John Lennon was never accused of mailing it in, but soon we'll all be able to mail him in, when the U.S. Postal Service releases a new forever stamp bearing his likeness on Sept. 7.

Designed to look like a 45 record sleeve, the stamp features a 1974 photo that rock photographer Bob Gruen shot for the former Beatle's fifth solo album, Walls and Bridgeson the roof of Lennon's apartment building.

“The original black-and-white photograph has been treated in gradations of color: from yellow orange to red in the top row, from red to light purple in the second row, from light purple to dark purple in the third row and from dark purple to blue in the bottom row," the postal service noted. "Lennon’s signature appears at the top of the stamps. ‘USA,’ the peace symbol and the Forever denomination appear along the bottom."

The reverse side of the stamp features a photograph of Lennon at his white piano, taken by Peter Fordham and used to promote his landmark 1971 album Imagine.

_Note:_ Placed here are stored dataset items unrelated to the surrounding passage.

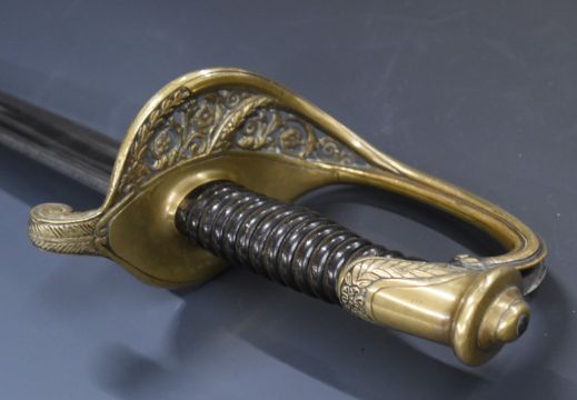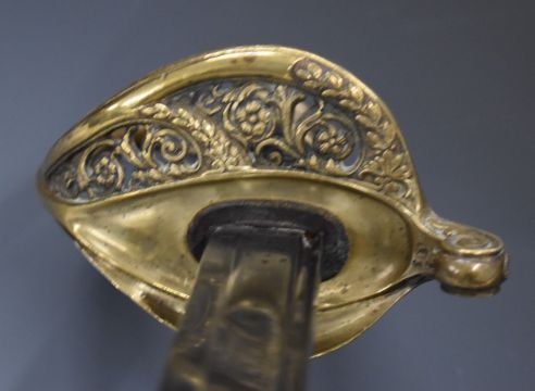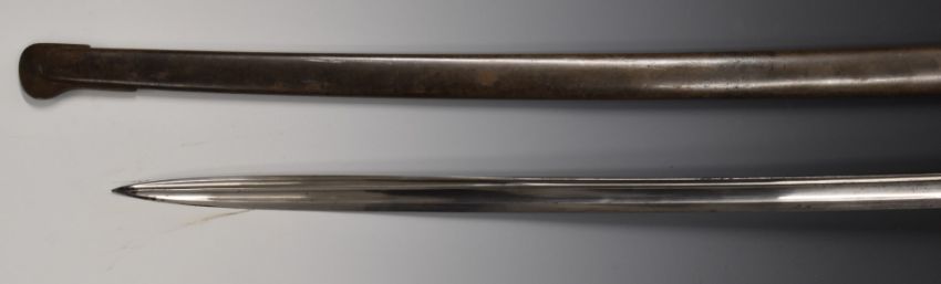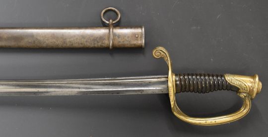 French 1845 pattern sword with brass hilt, stamped 17999 and R.B.G to guard, with 77cm fullered curved blade and scabbard. PLEASE NOTE ALL BLADED ITEMS ARE SUBJECT TO OVER 18 CHECK ON COLLECTION OR DELIVERY
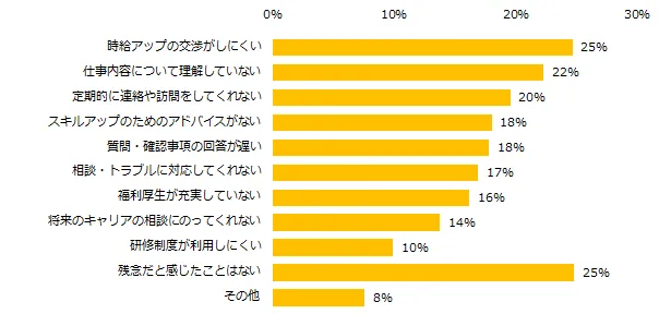 就業中、派遣会社のサポートで良かったと感じた点を伺うと、トップ3は「定期的に連絡や訪問をしてくれる」(42%)、「相談・トラブルに対応してくれる」(35%)、「質問・確認事項の回答が速い」(23%)でした。一方、残念だった点を伺うと、トップ3は「時給アップの交渉がしにくい」(25%)、「仕事内容について理解していない」(22%)、「定期的に連絡や訪問をしてくれない」(20%)でした。具体的なエピソードも紹介します。
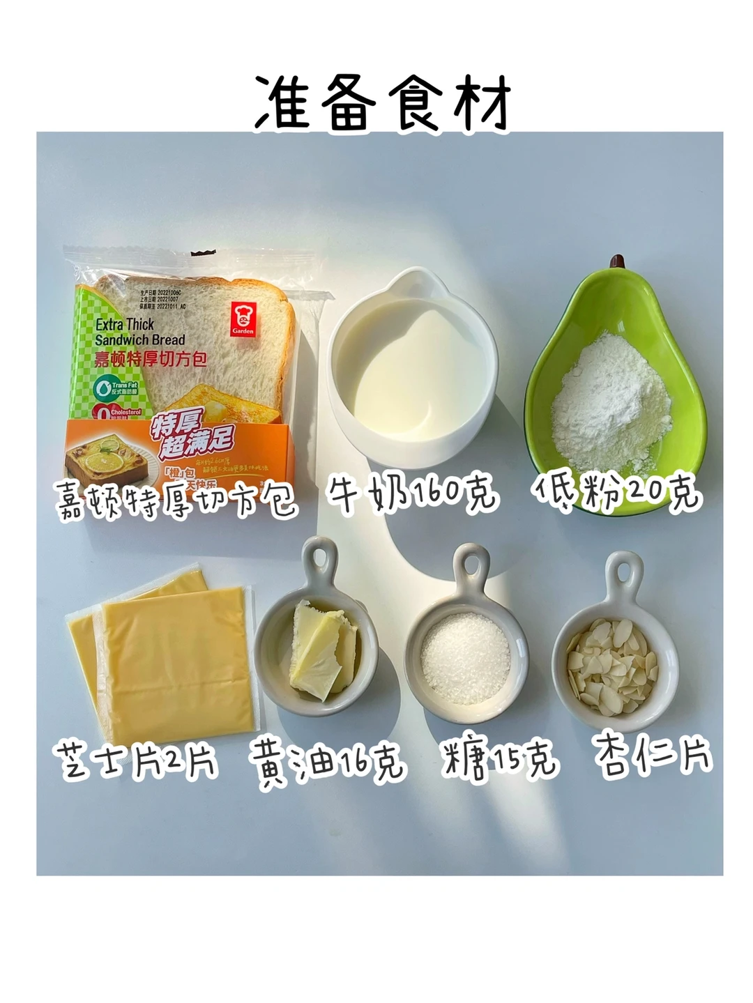 ✅准备食材:嘉顿特厚切方包2片、牛奶160克、黄油16克、低粉20克、芝士片2片、砂糖15克、杏仁片适量。

"Beloved around the world, Lennon was successful both as a founding member of the Beatles and as a solo artist," the postal service wrote in a release. "Lennon's music continues to speak for truth, peace and tolerance."

The stamp is the latest in the postal service's Music Icon series, which already includes artists like Elvis Presley, Janis Joplin, Ray Charles, Jimi Hendrix and Johnny Cash. The intent to release a Lennon stamp was first announced in 2014; it was revealed in December that  he was next in line.

At 11AM on the day of the stamp's release, the postal service will hold a dedication ceremony at Naumburg Bandshell in New York City's Central Park, not far from both Lennon's old home at the Dakota building on Central Park West and Strawberry Fields. The event is free and open to the public.